Biden to announce how billions of dollars for broadband internet expansion are distributed

President Joe Biden is expected to announce his administration’s plans on Monday to distribute billions of dollars appropriated by Congress to bring the internet to every home and small business in the United States.

Comparing the push for universal connectivity to the Rural Electrification Act of 1936, when the federal government installed the power lines that lit the countryside across the United States, White House Chief of Staff Jeff Zients, said that high-speed Internet access is as essential to everyday life as electricity.

“We all know how hard life is when the power goes out after a storm or for other reasons,” Zients said in a Friday call with reporters to preview the announcement. “For millions of Americans in rural communities especially, the internet is down.

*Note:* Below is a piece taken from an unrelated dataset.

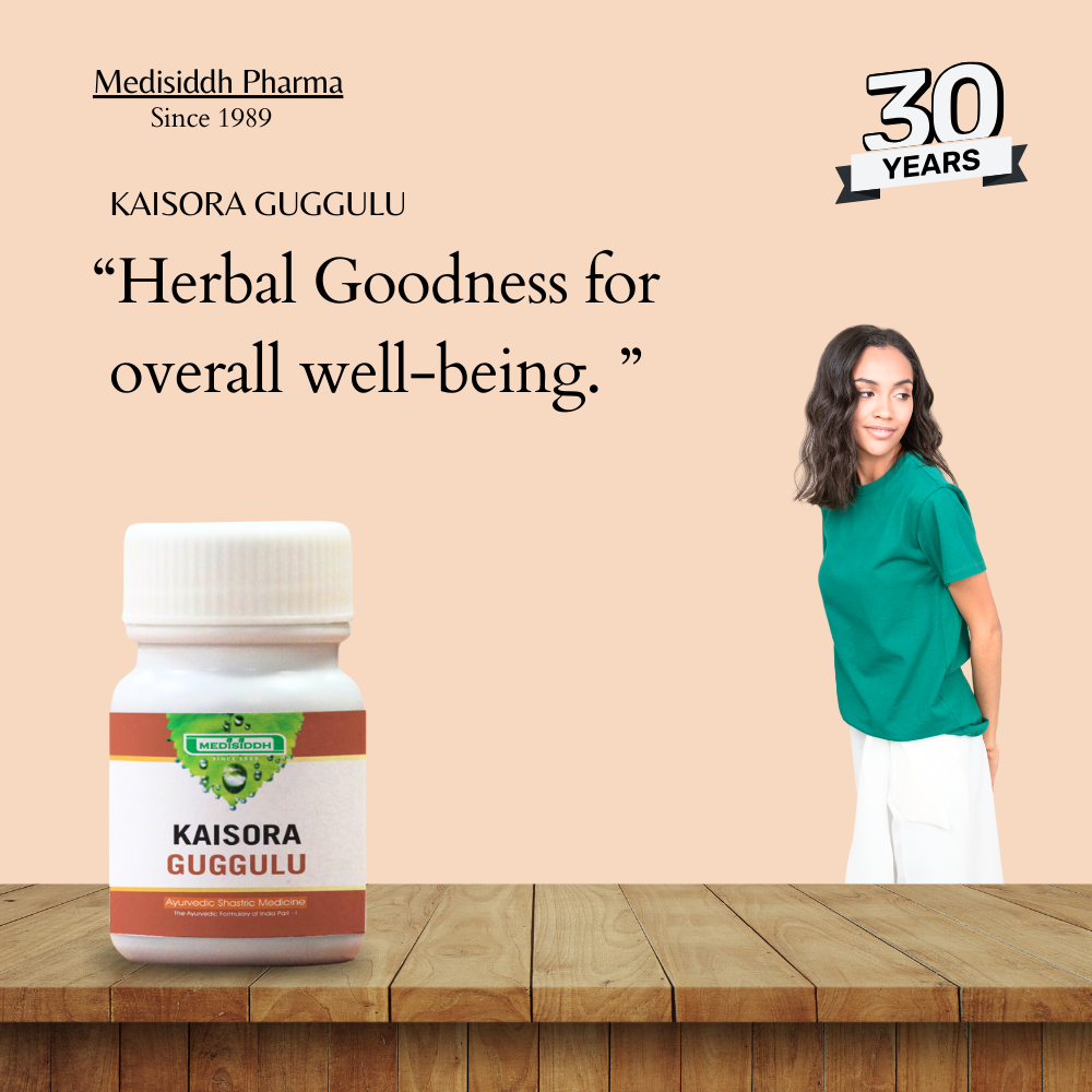 Kaishore Guggulu is a time-tested Ayurvedic formulation made with Guggulu resin, Triphala, and Guduchi. It is celebrated for its holistic support for detoxification, joint comfort, and overall digestive health, aligning with Ayurveda’s natural wellness principles.
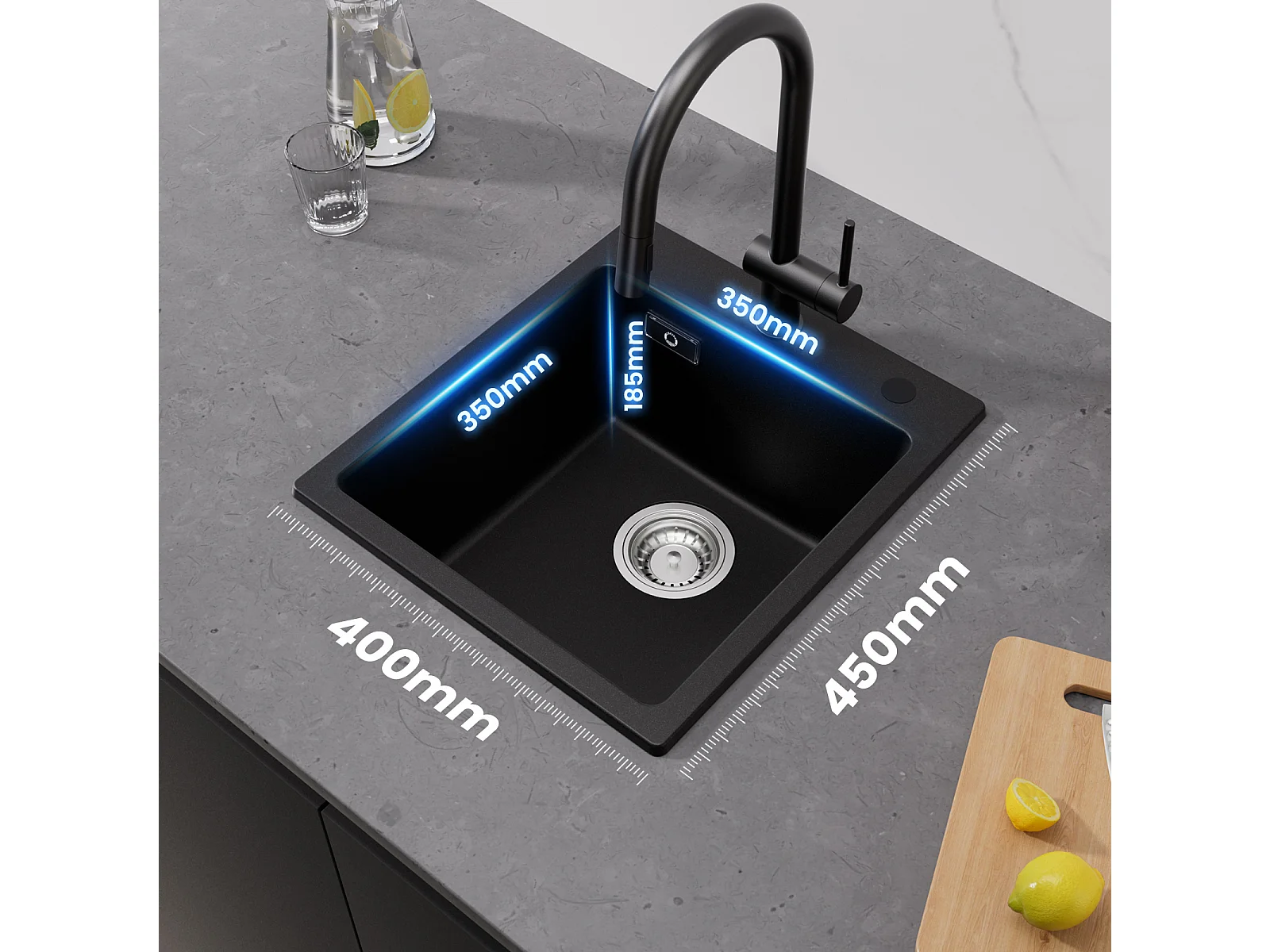 Cecipa MAX 40x45cm zwarte keukenspoelbak in kwarts en hars 1 bak spoelbak + 360° draaibare spoelbakmengkraan geborsteld

Sometimes there isn’t even access.

The amount each state, territory and Washington, D.C. will receive from the $42.5 billion program depends primarily on the number of unserved locations in each jurisdiction or locations that do not have access to internet speeds of at minus 25 megabits per second download and 3 Mbps upload. . Download speeds involve retrieving information from the Internet, including streaming movies and TV. Download speeds determine how quickly information is transmitted from a computer to the Internet, such as sending emails or posting photos online.

More than 7% of the country falls into the underserved category, according to maps recently completed by the Federal Communications Commission to set the course for the massive enterprise.

Congress approved the Broadband Equity, Access and Deployment, or BEAD, program, along with several other internet expansion initiatives, through the infrastructure bill the Democratic president signed into law in 2021.

Earlier this month, the Commerce Department announced the winners of the midstream grants, which will fund projects that build the middle part of the infrastructure needed to extend Internet access to every corner of the country.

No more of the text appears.